Andrew Houlihan is in charge of recruitment for Houston schools, but he's a North Carolina native, and a former Raleigh teacher.  The districts' superintendent, Dr. Andrew Grier, used to be the superintendent at Guilford County Schools.

"I understand there are really great teachers and really great graduates of universities that want to become teachers and are really questioning right now if they want to stay in North Carolina or go somewhere else," Houlihan said.



A first-year teacher in Houston makes at least $49,100. In North Carolina, that same teacher would make $33,000 before local county supplements.

"Financially I am still getting my feet under me but I am not stressed," Jamie Kendall said.  Kendall left North Carolina's Nash-Rocky Mount School District for Houston this year.  

She said at 38, she was tired of having to ask her mother for money.

"Money drove me here, but the fact that I'm here and happy here is really, I'm not stressing about bills.
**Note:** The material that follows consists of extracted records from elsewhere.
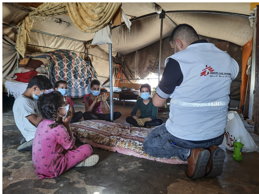
OCCUPIED PALESTINIAN TERRITORIES: An MSF health educator prepares an activity to teach children about COVID-19 in Masafer Yatta, a collection of 19 Palestinian hamlets in the Hebron Governorate of the southern West Bank.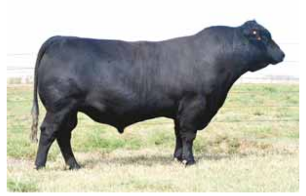
MAGS Eagle, sire of Lot 24 embryos.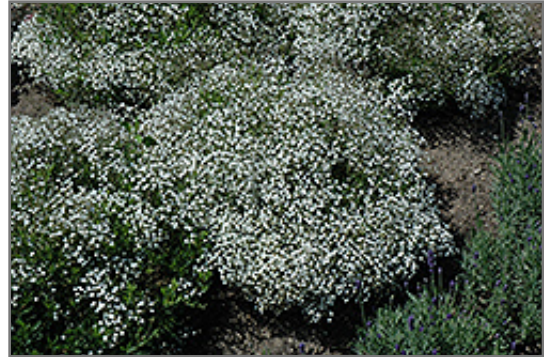
Summer Sparkles Baby's Breath in bloom

This plant should only be grown in full sunlight. It prefers dry to average moisture levels with very well-drained soil, and will often die in standing water. It is considered to be drought-tolerant, and thus makes an ideal choice for a low-water garden or xeriscape application. It is not particular as to soil type, but has a definite preference for alkaline soils, and is able to handle environmental salt. It is highly tolerant of urban pollution and will even thrive in inner city environments. This is a selected variety of a species not originally from North America.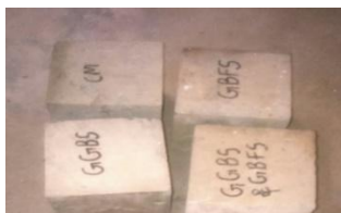
Fig 1 Specimens before Acid Test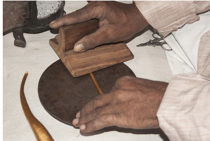
It is being rolled down to a thinner lac rope, according to required design.

http://www.dsource.in/resource/lac-bangles-jaipur-rajasthan/making-process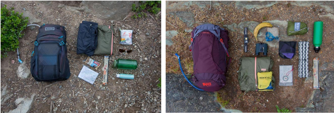
Left: 11-20 litre daypack and carrying capacity. Right: 21-35 litre daypack and carrying capacity.

Specifications: Bag size should be around 20-30 litres, and be able to carry all of your field equipment, lunch, and water (2L minimum).

That lack of stress I think makes me enjoy what I do even more," Kendall said.  

In fact, Kendall plans to return to North Carolina next year, this time as part of Houston's recruiting team.

"I can tell you this, we're not going to just limit our recruitment to last summer we're going to continue to come to North Carolina and to other states that are in a similar situation," Houlihan said.  

North Carolina lawmakers tried to remedy that situation this summer.  But the average 7 percent pay raise they passed for teachers was criticized because for some veteran teachers, the raise was less than 1 percent.

Ferguson said even though he grew up in North Carolina and his family is here, for financial reasons, he said it can't be his home anymore.